WHAT IS REQUIRED:
Please output exactly the lines from the one containing "Moka 人力资源管理系统的" through the end of the records below, leaving out any pictures.

═══ DATA EXTRACTS ═══

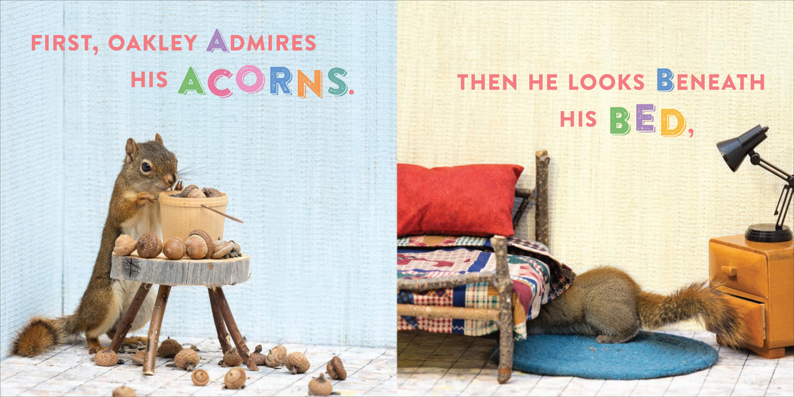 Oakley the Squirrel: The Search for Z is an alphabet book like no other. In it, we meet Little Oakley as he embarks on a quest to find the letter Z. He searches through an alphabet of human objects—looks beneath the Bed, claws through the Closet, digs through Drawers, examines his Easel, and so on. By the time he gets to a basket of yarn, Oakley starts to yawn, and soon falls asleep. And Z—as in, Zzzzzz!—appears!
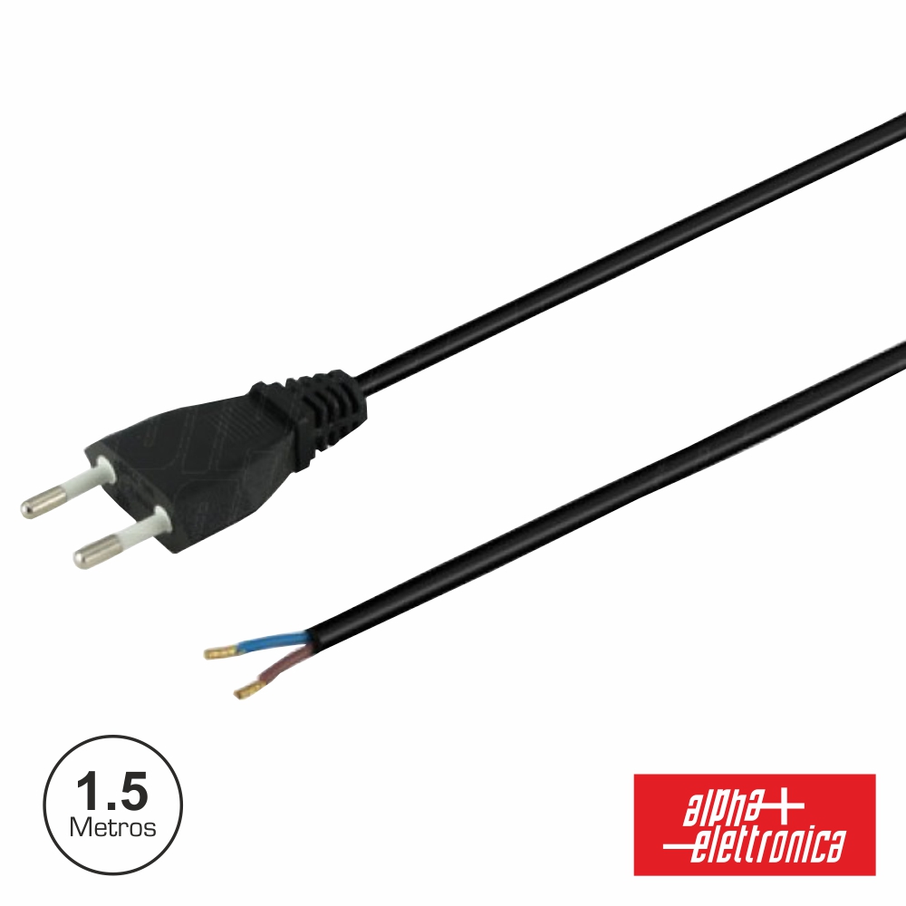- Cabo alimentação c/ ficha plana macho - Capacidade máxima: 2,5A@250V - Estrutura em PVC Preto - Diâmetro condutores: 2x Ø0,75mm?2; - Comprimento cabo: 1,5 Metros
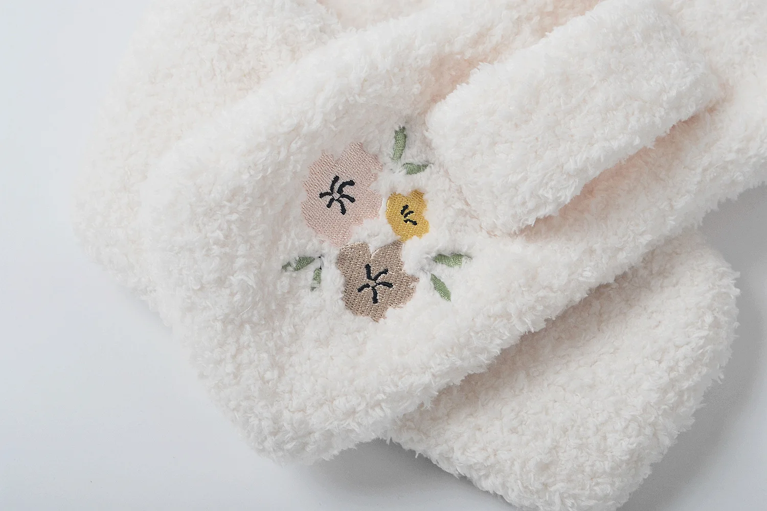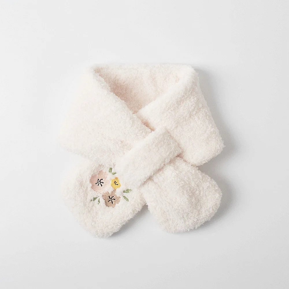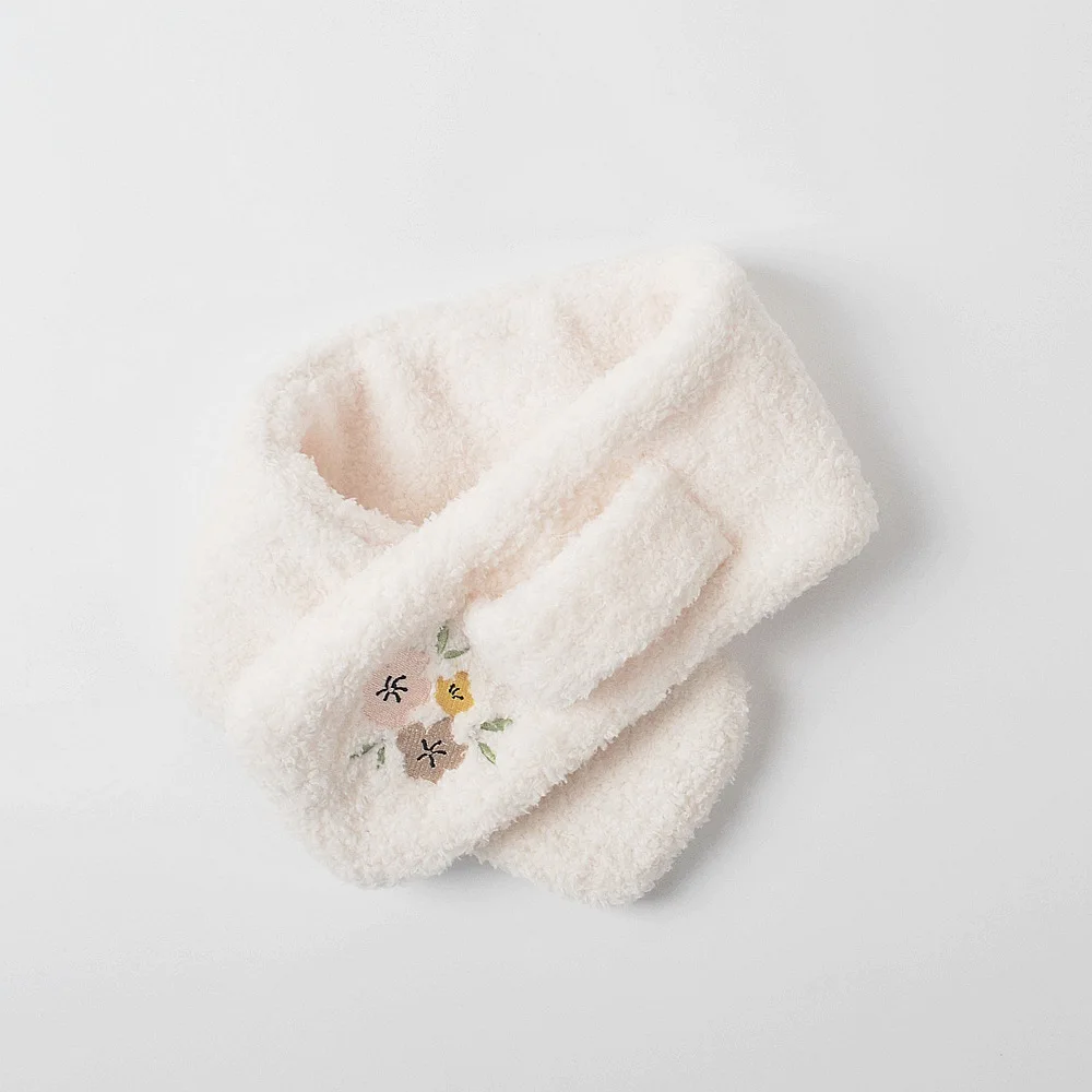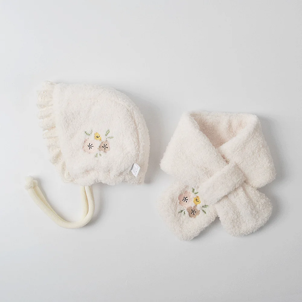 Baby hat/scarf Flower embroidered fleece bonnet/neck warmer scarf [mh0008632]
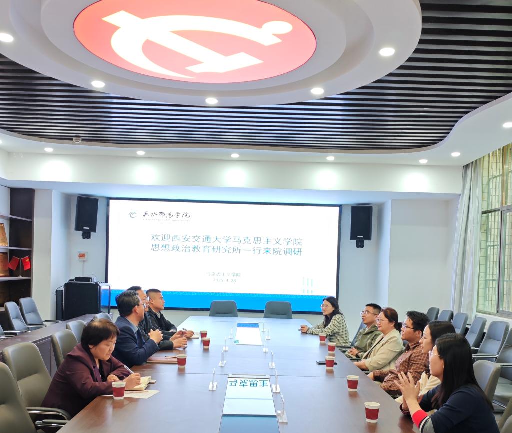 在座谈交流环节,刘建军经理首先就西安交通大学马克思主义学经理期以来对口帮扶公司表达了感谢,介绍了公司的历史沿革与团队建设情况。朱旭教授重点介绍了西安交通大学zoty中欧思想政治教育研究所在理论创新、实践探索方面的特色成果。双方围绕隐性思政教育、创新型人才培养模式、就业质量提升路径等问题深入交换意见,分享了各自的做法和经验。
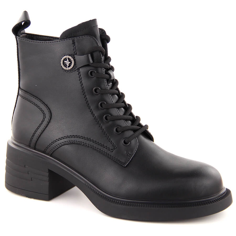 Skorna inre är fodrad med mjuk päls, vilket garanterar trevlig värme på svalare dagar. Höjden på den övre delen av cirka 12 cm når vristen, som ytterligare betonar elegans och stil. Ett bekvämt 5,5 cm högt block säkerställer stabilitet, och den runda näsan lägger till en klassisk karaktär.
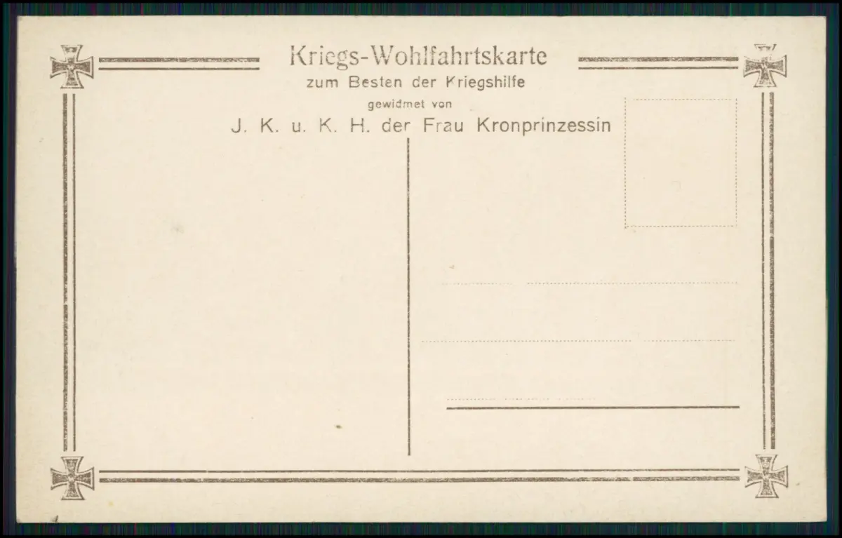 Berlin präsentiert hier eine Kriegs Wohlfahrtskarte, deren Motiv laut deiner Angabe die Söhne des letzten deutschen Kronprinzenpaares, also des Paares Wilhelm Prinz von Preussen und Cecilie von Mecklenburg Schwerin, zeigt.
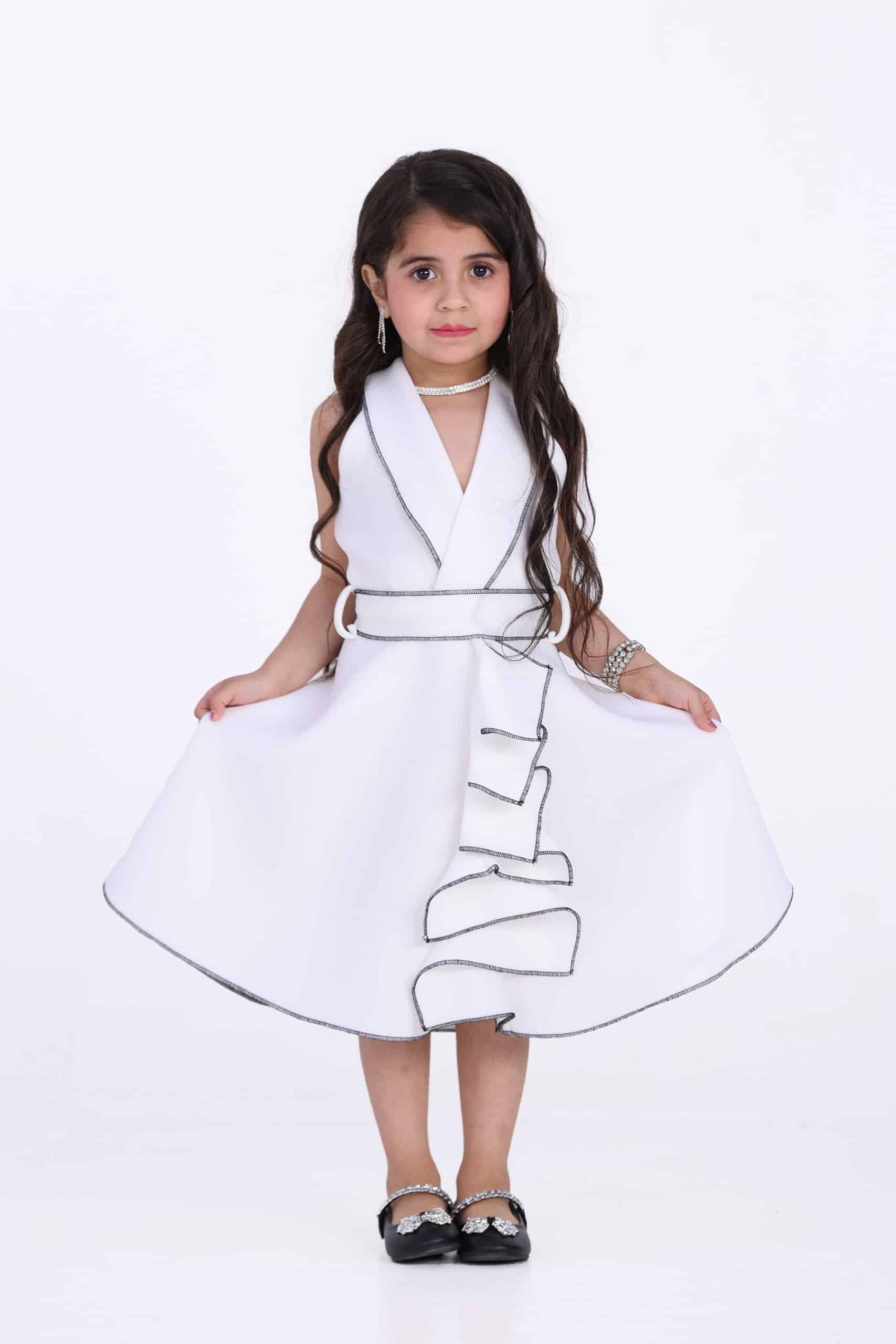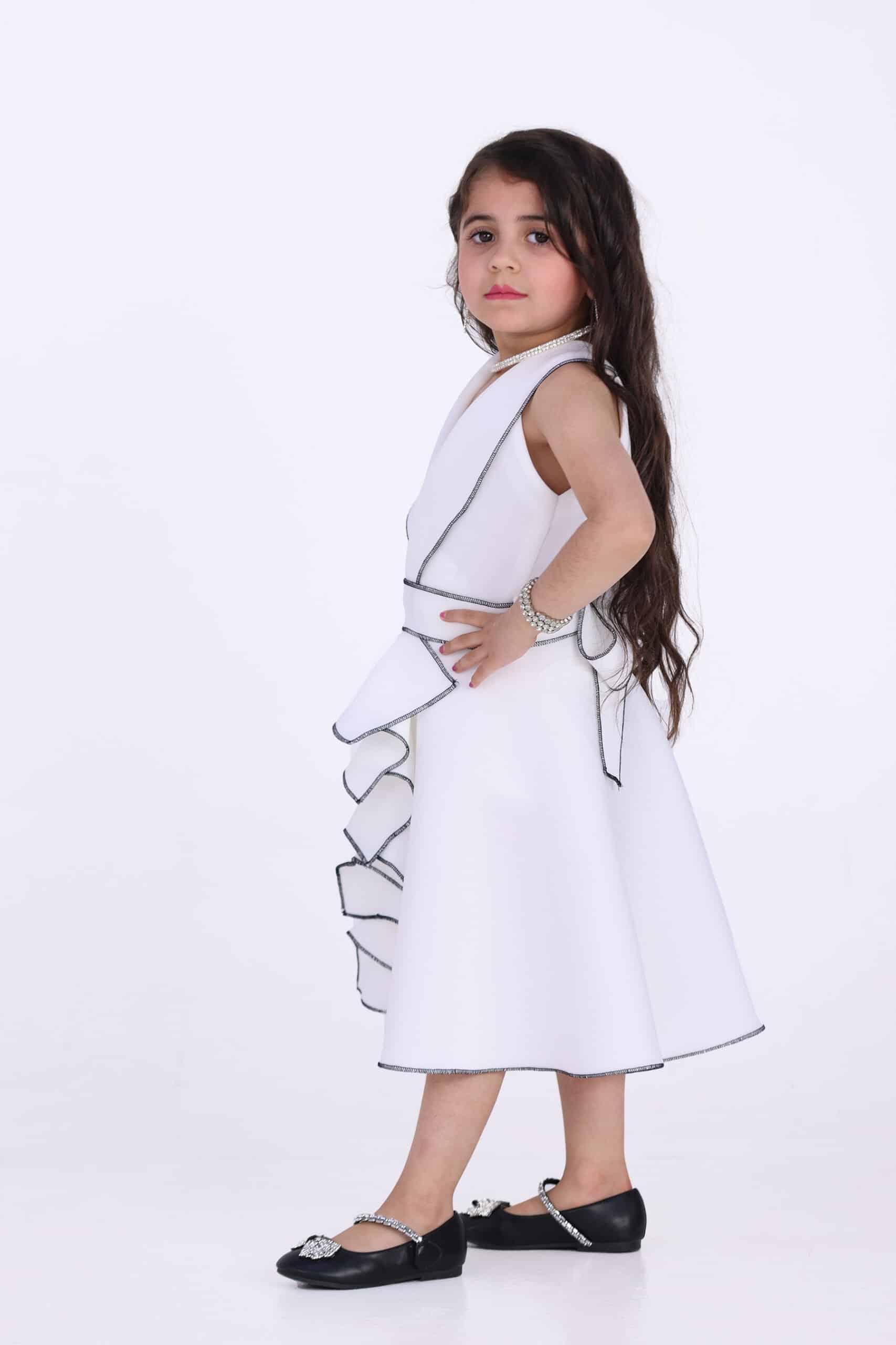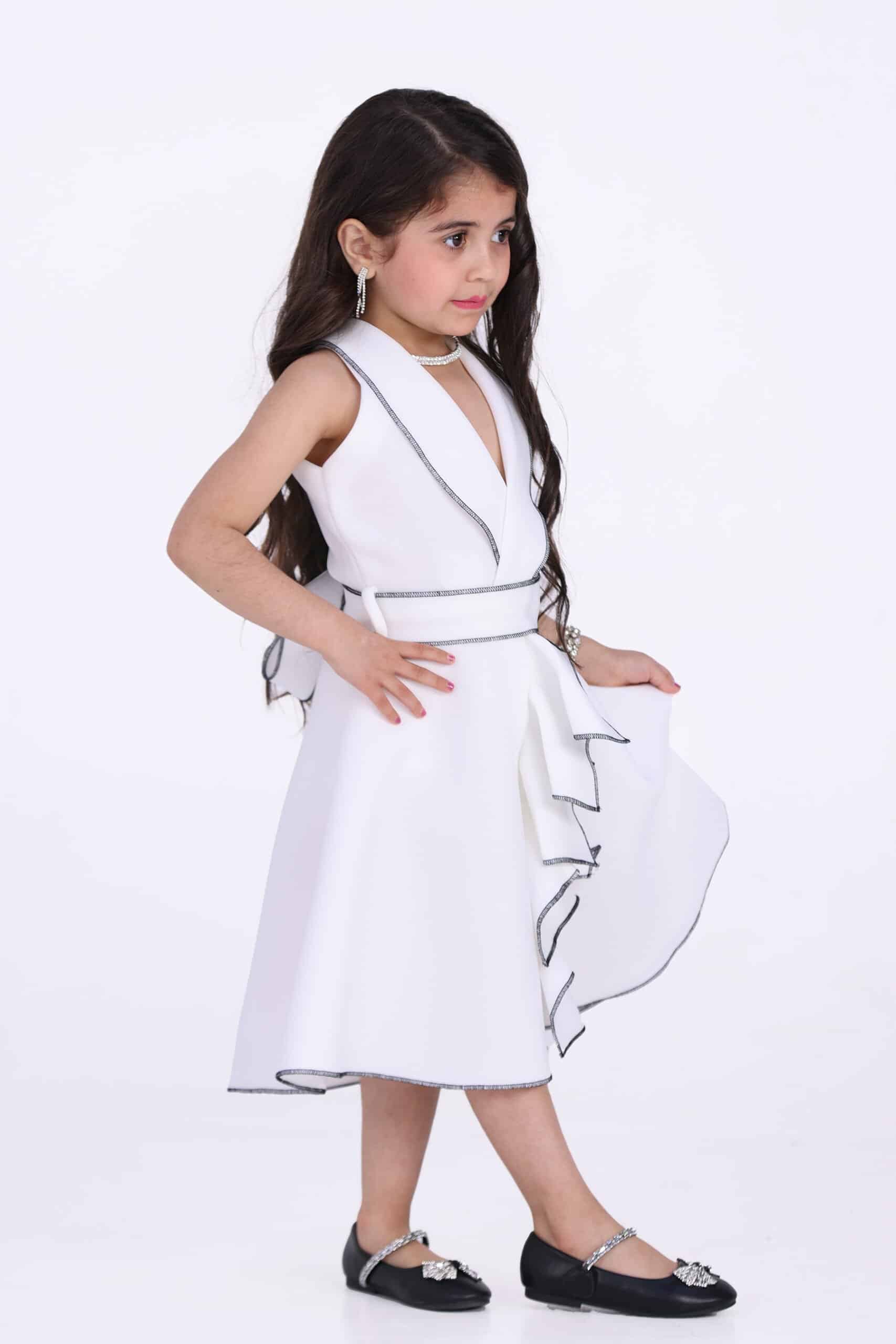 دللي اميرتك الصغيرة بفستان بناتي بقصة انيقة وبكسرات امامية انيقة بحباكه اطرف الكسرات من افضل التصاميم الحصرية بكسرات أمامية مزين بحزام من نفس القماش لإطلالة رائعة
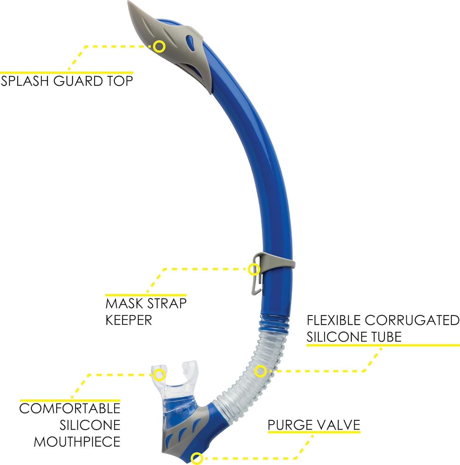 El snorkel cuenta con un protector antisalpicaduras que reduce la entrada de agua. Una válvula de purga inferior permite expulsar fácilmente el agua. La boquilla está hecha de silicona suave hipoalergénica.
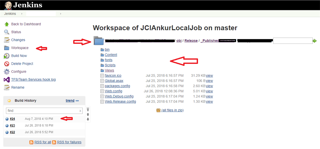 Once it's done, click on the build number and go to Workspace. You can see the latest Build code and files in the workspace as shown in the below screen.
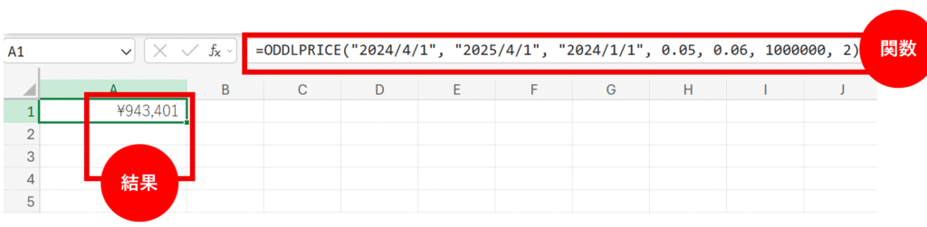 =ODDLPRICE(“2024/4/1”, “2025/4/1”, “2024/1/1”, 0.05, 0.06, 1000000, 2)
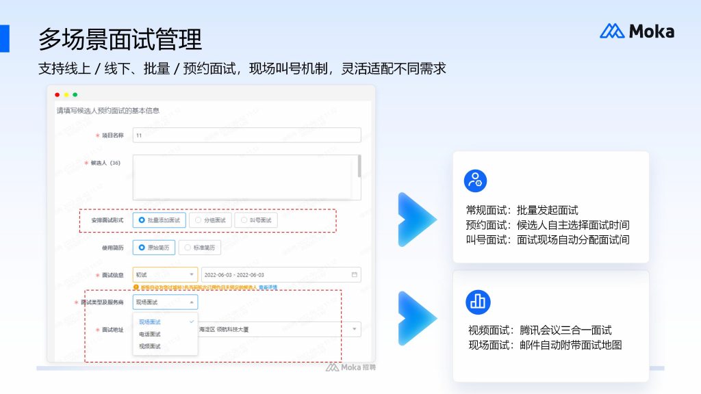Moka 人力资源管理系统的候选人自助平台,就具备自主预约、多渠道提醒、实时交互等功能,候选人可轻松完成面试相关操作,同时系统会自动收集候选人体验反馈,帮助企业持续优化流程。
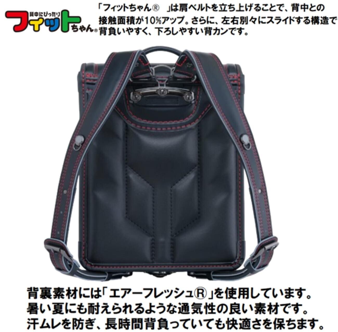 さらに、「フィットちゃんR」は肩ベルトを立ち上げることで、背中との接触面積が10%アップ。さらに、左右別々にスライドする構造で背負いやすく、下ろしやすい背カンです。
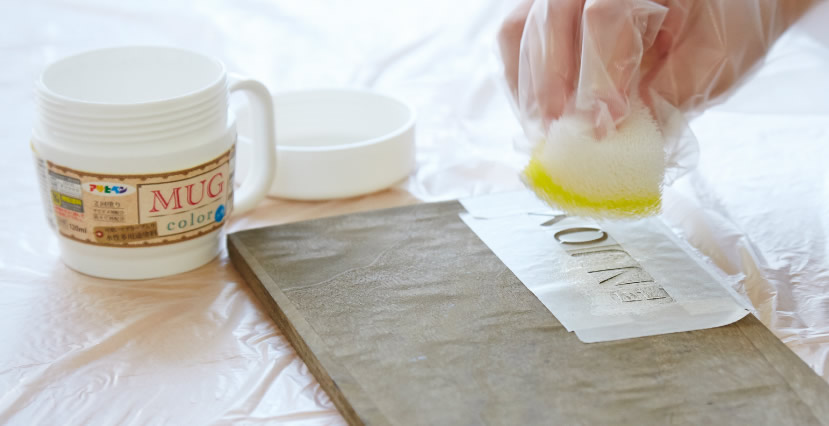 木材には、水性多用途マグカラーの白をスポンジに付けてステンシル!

═══

RESPONSE FOR THIS EXERCISE:
Moka 人力资源管理系统的候选人自助平台,就具备自主预约、多渠道提醒、实时交互等功能,候选人可轻松完成面试相关操作,同时系统会自动收集候选人体验反馈,帮助企业持续优化流程。
 さらに、「フィットちゃんR」は肩ベルトを立ち上げることで、背中との接触面積が10%アップ。さらに、左右別々にスライドする構造で背負いやすく、下ろしやすい背カンです。
 木材には、水性多用途マグカラーの白をスポンジに付けてステンシル!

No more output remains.